Non-concessional contributions (NCC) by older SMSF members have increased sharply recently, while similar contributions from younger trustees have declined, according to the latest research conducted by Class.
The Class “2024 Annual Benchmark Report”, released today, found the amount of NCCs made by trustees aged between 66 and 70 increased from $555 million in the 2022 financial year to $899 million a year later, while contributions made by those over 70 had risen from $232 million to $936 million in the same time frame.
“[There has been] a spike year on year for members over the age of 65 in the increase in non-concessional contributions. In fact, this cohort represented 50.6 per cent of all non-concessional contributions. However, non-concessional contributions for those aged 40 to 65 decreased in absolute terms by 18 per cent,” Class chief executive Tim Steele said at Class Ignite 2024 in Sydney today.
Class operations general manager Kate Anderson noted the rise in the level of NCCs made over the past year can be largely attributed to the removal of the work test in 2022.
“They don’t need to meet a work test, they don’t need to say they’ve been gainfully employed for the 40 hours and 30 consecutive days and they can put money in.
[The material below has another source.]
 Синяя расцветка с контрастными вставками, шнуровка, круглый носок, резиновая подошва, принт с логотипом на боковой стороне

That’s definitely one of the reasons why older members are making non-concessional contributions,” Anderson told selfmanagedsuper.
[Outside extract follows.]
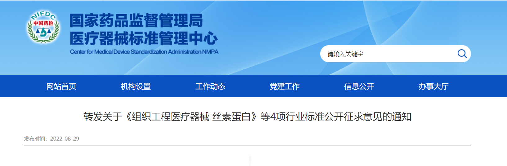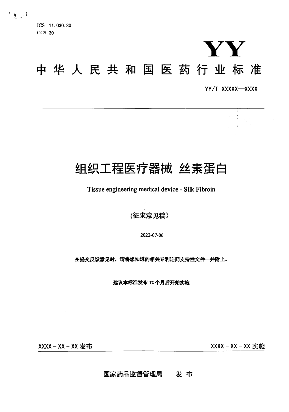 隨著絲素蛋白醫(yī)療器械產(chǎn)品的增加,對這一材料的生產(chǎn)制備、質(zhì)量控制等提出了要求。相對于產(chǎn)業(yè)的迅速發(fā)展,絲素蛋白相關(guān)標準在國際國內(nèi)仍處于空白。由于標準的缺乏,各絲素蛋白企業(yè)在企業(yè)標準制定過程中無統(tǒng)一的標準參考依據(jù),限制了絲素蛋白醫(yī)療產(chǎn)業(yè)的高質(zhì)量發(fā)展。目前,為提高絲素蛋白材料的質(zhì)量與安全性,為科學(xué)監(jiān)管提供支撐,由全國外科植入物和矯形器械標準化技術(shù)委員會組織工程醫(yī)療器械產(chǎn)品分技術(shù)委員會歸口的《組織工程醫(yī)療器械絲素蛋白》已形成征求意見稿[5],并于2022年8月23日-2022年10月24日期間公開征求意見。

“The indexation of non-concessional contribution caps and the indexation of the transfer balance cap are important as well. They’re probably the three main reasons as to why that figure has increased.”
As for the drop in members in the younger cohort making non-concessional contributions, she said successive interest rate rises and inflation may have impacted the ability of trustees to make contributions.
“Interest rates have gone up, so they don’t have all that extra income they can put into super. Cost of living has also gone up and they may have used all their savings that they had saved during COVID,” she said.
“A lot of people may be giving that extra money that they would have contributed to super to their children so they can fund their rising interest rates or get a deposit for a home.”